In [1]:
!pip install webdriver-manager

Collecting webdriver-manager
  Downloading webdriver_manager-4.0.2-py2.py3-none-any.whl.metadata (12 kB)
Collecting python-dotenv (from webdriver-manager)
  Downloading python_dotenv-1.1.0-py3-none-any.whl.metadata (24 kB)
Downloading webdriver_manager-4.0.2-py2.py3-none-any.whl (27 kB)
Downloading python_dotenv-1.1.0-py3-none-any.whl (20 kB)
Installing collected packages: python-dotenv, webdriver-manager
Successfully installed python-dotenv-1.1.0 webdriver-manager-4.0.2


In [3]:
# -----------------------------------------------------------------------------
# Interactive Web Crawler & Retrieval-Augmented Generation (RAG) Exercise (Selenium Version)
# -----------------------------------------------------------------------------

from selenium import webdriver
from selenium.webdriver.chrome.service import Service
from selenium.webdriver.chrome.options import Options
from selenium.webdriver.common.by import By
from webdriver_manager.chrome import ChromeDriverManager

from transformers import pipeline
import nltk
import time

# Download tokenizer
nltk.download('punkt')

def setup_driver():
    chrome_options = Options()
    chrome_options.add_argument("--headless")  # Remove this if you want to see the browser
    chrome_options.add_argument("--no-sandbox")
    chrome_options.add_argument("--disable-dev-shm-usage")
    
    # Automatically downloads the correct version of chromedriver
    driver = webdriver.Chrome(service=Service(ChromeDriverManager().install()), options=chrome_options)
    return driver
    
def extract_element_text(driver, tag, class_name):
    """
    Extract the text of an element with the given tag and class using Selenium.

    Parameters:
        driver (webdriver): The Selenium WebDriver instance.
        tag (str): The HTML tag to look for (e.g., "span", "div").
        class_name (str): The class name to match.

    Returns:
        str or None: Extracted text content if found, otherwise None.
    """
    try:
        if class_name:
            element = driver.find_element(By.CSS_SELECTOR, f"{tag}.{class_name}")
        else:
            element = driver.find_element(By.TAG_NAME, tag)
        return element.text.strip()
    except NoSuchElementException:
        return None

def generate_text_with_model(input_text, model_name="gpt2", max_new_tokens=20):
    """Generate text using a pre-trained model."""
    generator = pipeline('text-generation', model=model_name)
    generated = generator(input_text, max_new_tokens=max_new_tokens, num_return_sequences=1)
    return generated[0]['generated_text']
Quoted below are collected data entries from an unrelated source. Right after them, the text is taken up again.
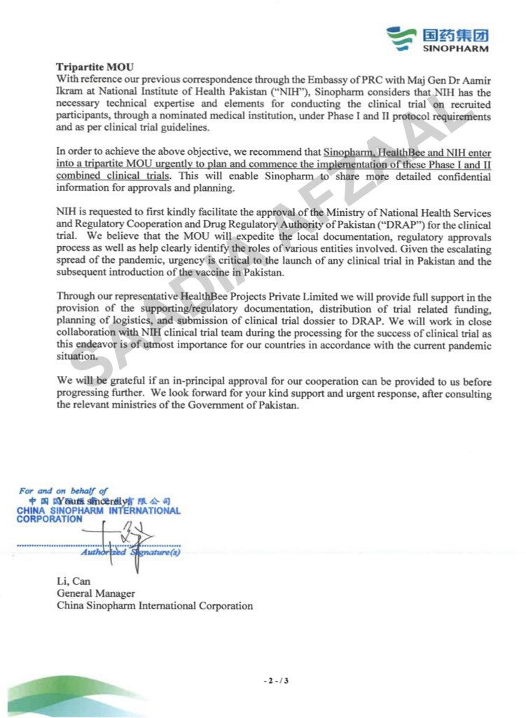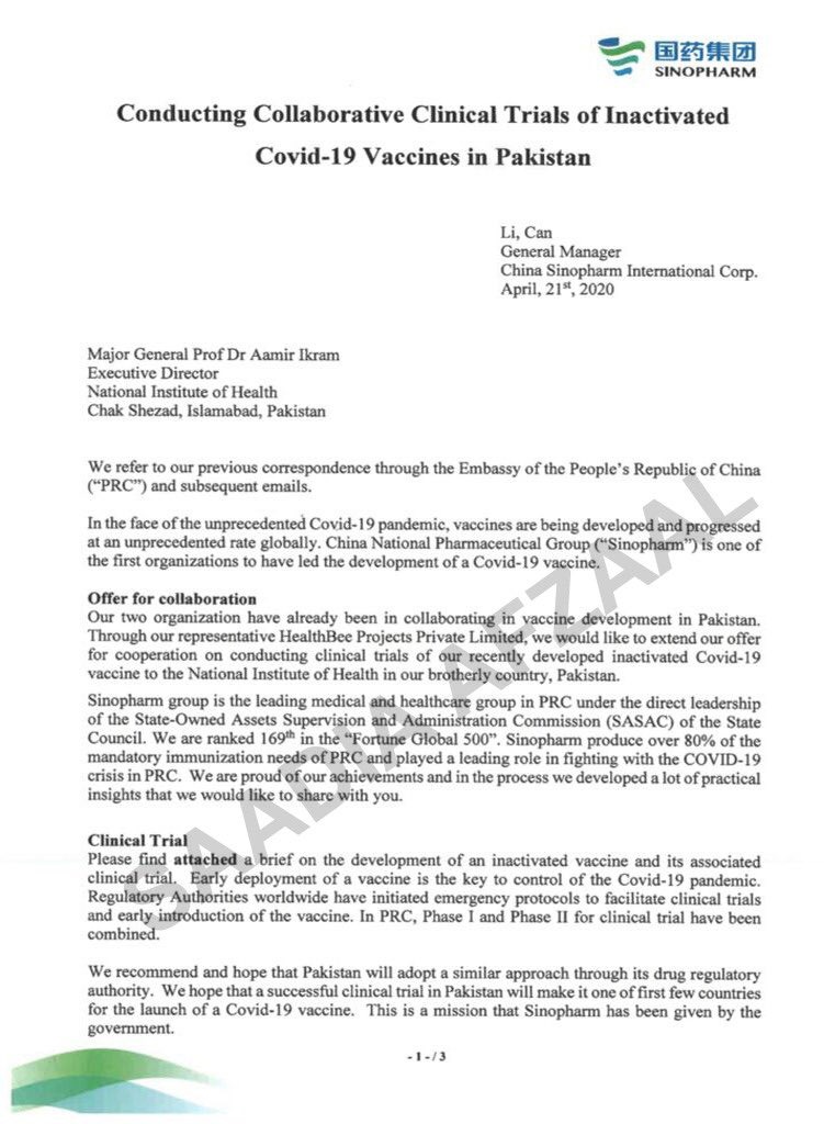 پاکستان میں کلینکل ٹرائل کے لئے صرف ضابطے کی کارروائی مکمل کرنا باقی ہے۔
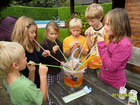 Bei regnerischem Wetter wurde man allerdings nicht nur von oben nass, denn verschiedene Wildwasserbahnen trugen zusätzlich zur allgemeinen Durchnässtheit bei. Eltern und Betreuer wurden zu dem von den Kindern bei einer Wasserschlacht im wahrsten Sinne des Wortes nass gemacht.
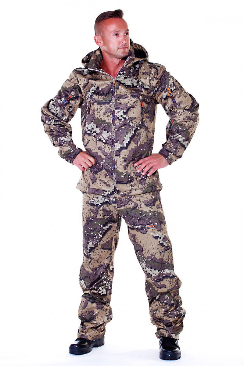 Костюм идеально подойдет для повседневной носки и активного отдыха в демисезонный период. Костюм гарантированно обеспечит максимум комфорта при занятии любимым увлечением. Температурный режим до -5С.При использовании костюма рекомендуется носить термобелье. Анатомический удобный крой. Камуфляжный рисунок ткани. Застежка центральная с двухзамковой молнией под ветрозащитной планкой. Воротник-стойка. 5 карманов внешних и 2 внутренних. Капюшон с регулировкой объема с фиксаторами упаковывается в карман с молнией в воротнике. Ширина низа рукава регулируется патой с контактной лентой и эластичной тесьмой. Внутренний воротник со вставкой из флиса. По низу внутренняя кулиса регулируется по ширине эластичным шнуром с фиксаторами. На брюках 4 кармана. На поясе застежка-гульфик с молнией и на кнопке. Пояс с эластичными боковыми вставками. На поясе шлевки под ремень. По низу эластичный шнур с регулировкой ширины и на фиксаторах.

def interactive_exercise():
    """Main interactive routine."""
    print("🔍 Interactive Web Crawler + Text Generator")

    # Step 1: URL Input
    url = input("Enter the URL to scrape: ").strip()

    # Start WebDriver
    driver = setup_driver()
    driver.get(url)

    # Optional: wait for JS-rendered content to load
    time.sleep(3)

    # Step 2: Tag and Class Input
    tag = input("Enter the HTML tag to search for (e.g., 'div', 'span'): ").strip()
    class_name = input("Enter the class name of the element (or leave blank): ").strip()
    class_name = class_name if class_name else None

    # Step 3: Extract Element Text
    extracted_text = extract_element_text(driver, tag, class_name)
    if extracted_text:
        print(f"\n✅ Extracted Text: {extracted_text}")
    else:
        print("❌ Could not find an element with the specified tag and class.")
        driver.quit()
        return

    # Step 4: Use the Extracted Text with a Language Model
    use_generation = input("Would you like to generate additional text? (yes/no): ").strip().lower()
    if use_generation == "yes":
        prompt = f"The extracted information is: '{extracted_text}'. Further details: "
        generated_text = generate_text_with_model(prompt)
        print("\n🤖 Generated Text:")
        print(generated_text)
    else:
        print("👍 Exiting without generating text.")

    driver.quit()

# Run if this script is executed directly
if __name__ == "__main__":
    interactive_exercise()


[nltk_data] Downloading package punkt to
[nltk_data]     /Users/jasmine.frantz/nltk_data...
[nltk_data]   Package punkt is already up-to-date!


🔍 Interactive Web Crawler + Text Generator


Enter the URL to scrape:  https://www.xe.com/currencycharts/?from=ALL&to=JPY
Enter the HTML tag to search for (e.g., 'div', 'span'):  p
Enter the class name of the element (or leave blank):  sc-b39d611a-0 hjhFZZ


❌ Could not find an element with the specified tag and class.